5 - Memory for VM - I strongly recommend setting at least 1GB for each VM, if you plan to use Oracle DBs under the cluster management (otherwise 512-768 MB should suffice).
6 - Network connection - Leave the default option (Use bridged networking - later on we'll setup two additional network adapters that will be used as the transports for the cluster).
7 - SCSI Adapter - Choose "LSI Logic"
8 - Disk - Choose "Create a new virtual disk", SCSI as virtual disk type and 15 GB of disk space
9 - Now, we need to setup two additional network adapters for the cluster transporter (for that, click on Edit virtual machine settings and then click on Add button.
10 - Choose Ethernet Adapter as the hardware type.
11 - Choose Custom and VMnet1 (Repeat the steps 9-10-11, but now you will have to choose VMnet2)

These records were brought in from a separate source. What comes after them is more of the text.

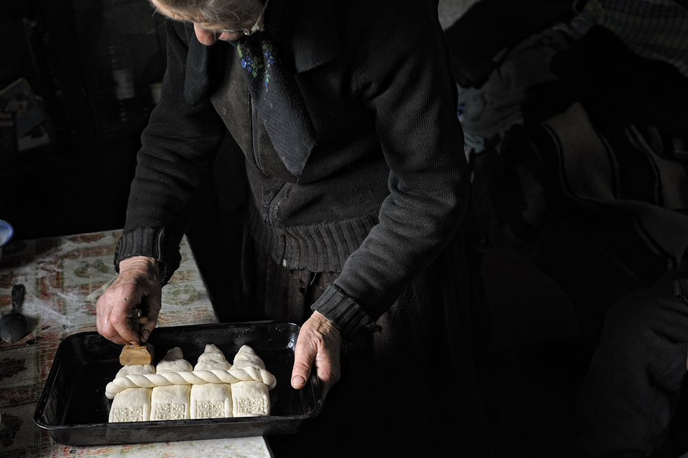 Gheorghe and Silviuca Gherman live, with their daughter, in Sarbi, a small village in the Maramures county, Romania. Every sunday they prepare a special bread for the church, bread that will be blessed and given to the faithful for the communion. A symbol that means "Jesus Christ prevails" is made on the bread using a stamp called "pecetar". It is necessary to have a special blessing by a priest in order to be allowed to prepare the holy bread. In the Gherman family both mother and daughter have this permission.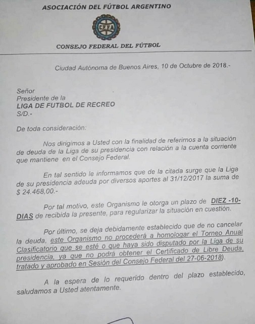Además dejan debidamente esclarecido, que de no cancelar la deuda “este Organismo no procederá a Homologar el Torneo Anual Clasificatorio que esté o que haya sido disputado por la Liga que Usted Preside".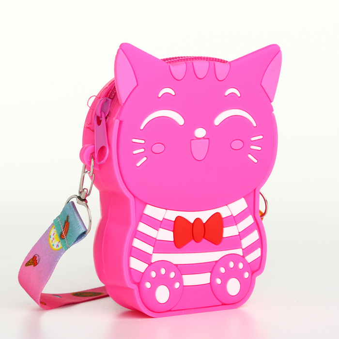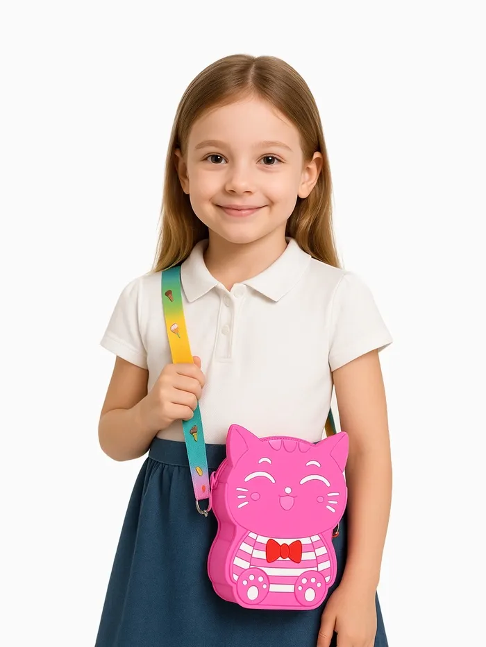 С этой сумкой девочка всегда найдёт чем заняться — можно носить свои сокровища или просто играть с антистрессовой поверхностью. Регулируемый ремень обеспечивает удобную посадку на любом росте. Нежный розовый цвет и забавный котик делают аксессуар желанным подарком. Это практичное решение для развития мелкой моторики и формирования собственного стиля.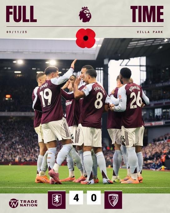 【英超】维拉4-0大胜,樱桃苦吞连败 英超 11-10 00:25 英超第11轮,阿斯顿维拉主场迎战伯恩茅斯。第28分钟,布恩迪亚禁区前沿任意球直接破门。第40分钟,阿马杜·奥纳纳远射扩大比分。第64分钟,罗杰斯手球送点,埃米利亚诺·马丁内斯神勇扑出塞梅尼奥点球。第77分钟,巴克利前点接迪涅右路角球,头球后蹭破门。第82分钟,马伦禁区前沿低射折射入网。维拉4比0大胜,18分暂列第7。樱桃军团遭遇自5月以来首次联赛连败,5月先输维拉后负曼城,11月先输蓝月再负维拉。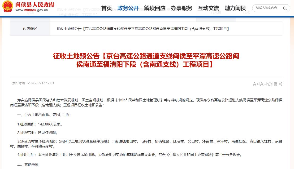 2026年2月11日,闽侯县人民政府发布“征收土地预公告【京台高速公路通道支线闽侯至平潭高速公路闽侯南通至福清阳下段(含南通支线)工程项目】”。

12 - Go to Host >> Virtual network settings in the menu.
14 - Now we need to add another disk that will be the quorum disk (click on Edit Virtual Machines and then click on the ADD button)
15 - Add the disk as a SCSI disk, name it as quorum.vmdk and use around 100MB of disk space.
16 - Create a similar VM (another hostname) with the same HW settings (after that, add the quorum.vmdk using the same SCSI ID using the option "Use an existing virtual disk")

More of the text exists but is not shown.